Are you trying to say that he should be checked for an STD?


----------



## QuickSilver (Dec 1, 2015)

WTH.....This is more than I want to know about this dude..   Who cares.....and why is this even discussed in politics?   The GOP is so obsessed with sex, who does what to whom... and how they do it..  do they even give a thought to the real issues that MATTER to real people?


----------



## Warrigal (Dec 1, 2015)

You mean like a planet that is getting too warm for comfort and a health care system where some people fall through the cracks for lack of money?


----------



## Ralphy1 (Dec 1, 2015)

Now, don't go drifting off the subject as you always do...


----------



## Warrigal (Dec 1, 2015)




----------



## Ralphy1 (Dec 1, 2015)

Once again I am shocked by this uncalled levity on such a serious matte!


----------



## QuickSilver (Dec 1, 2015)

Warrigal said:


> You mean like a planet that is getting too warm for comfort and a health care system where some people fall through the cracks for lack of money?



Or income inequality, or a failing education system, or a crumbling infrastructure, or an overcrowded prison system............................ No.. let's worry about Cruz's condom use.   Just the thought makes me want to poke out my mind's eye.


----------



## BobF (Dec 1, 2015)

That looks like a list of Democrat driven causes rather than fixes.

Really wonder why this topic got started by Cruz.   Guess I had better start looking into this topic a bit.   Need to know if it is a true comment about Cruz or just some twisted comment.


----------



## Shalimar (Dec 1, 2015)

Perhaps he wears a condom over his face while engaging in intercourse.

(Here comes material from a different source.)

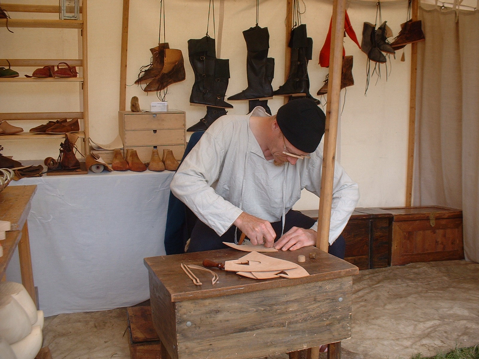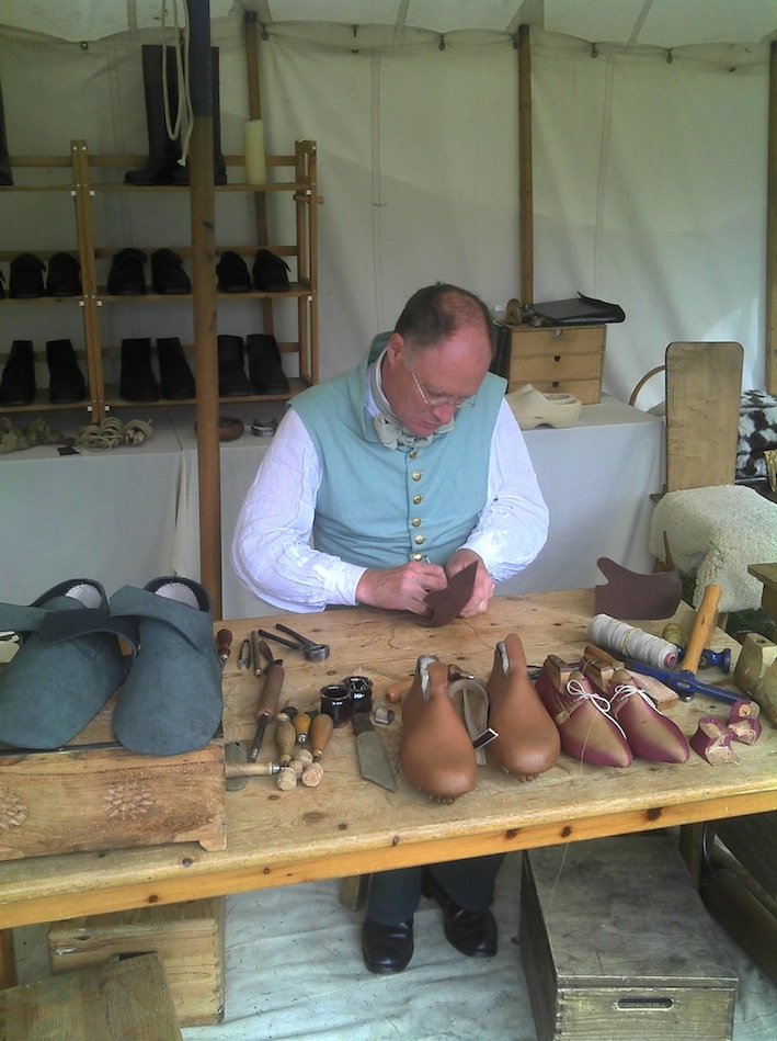 I will attend events as a historical shoemaker. The equipment and clothing I have is for C15th war of the roses, early and late C17th, mid C18th and Napoleonic eras.

Sort of a latex/choking kink? Interesting.


----------



## QuickSilver (Dec 1, 2015)

Democrat issues..?   More like people issues.. and what would the Republican issues be?   Bigger warships, airplanes and a new expanded war?  OH.. and who puts what in whom and how they cover it?   hahahahahahahha


----------



## QuickSilver (Dec 1, 2015)

Shalimar said:


> Perhaps he wears a condom over his face while engaging in intercourse. Sort of a latex/choking kink? Interesting.



No with Cruz... it would have to be a paper bag over his head..  Actually TWO paper bags... in case the first one falls off.


----------



## Shalimar (Dec 1, 2015)

QS, you know what they say about boys who need REALLY BIG toys...


----------



## Shalimar (Dec 1, 2015)

QS, even with two bags, ewwwwww.


----------



## Ralphy1 (Dec 1, 2015)

Shali, and some call me a sick puppy.  My shock here goes unabated...


----------



## Shalimar (Dec 1, 2015)

Why, are you the condom police? Eek!


----------



## QuickSilver (Dec 1, 2015)

Shalimar said:


> QS, even with two bags, ewwwwww.



My sentiments exactly..

You've heard the expression "Coyote ugly"?    That's when you wake up in the morning with your arm around someone so ugly that you gnaw your own arm off rather than wake them up..   

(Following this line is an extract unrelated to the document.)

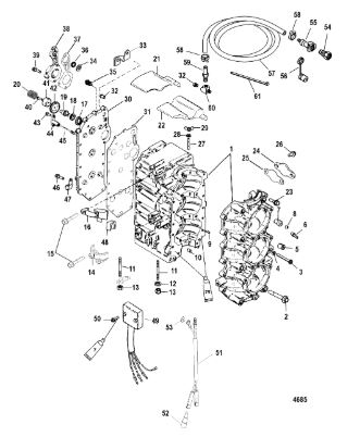 Блок цилиндров и картер (Часть 1) 2-Х ТАКТНОГО ПЛМ MERCURY 55 Серийный номер от 0G290585 до 0G589999

(coyotes have been known to chew off a leg caught in a trap)


----------



## Shalimar (Dec 1, 2015)

All kidding aside, he looks mean--I don't know what he is like in private life, but at some point, our faces show our temperament.


----------



## QuickSilver (Dec 1, 2015)

Shalimar said:


> All kidding aside, he looks mean--I don't know what he is like in private life, but at some point, our faces show our temperament.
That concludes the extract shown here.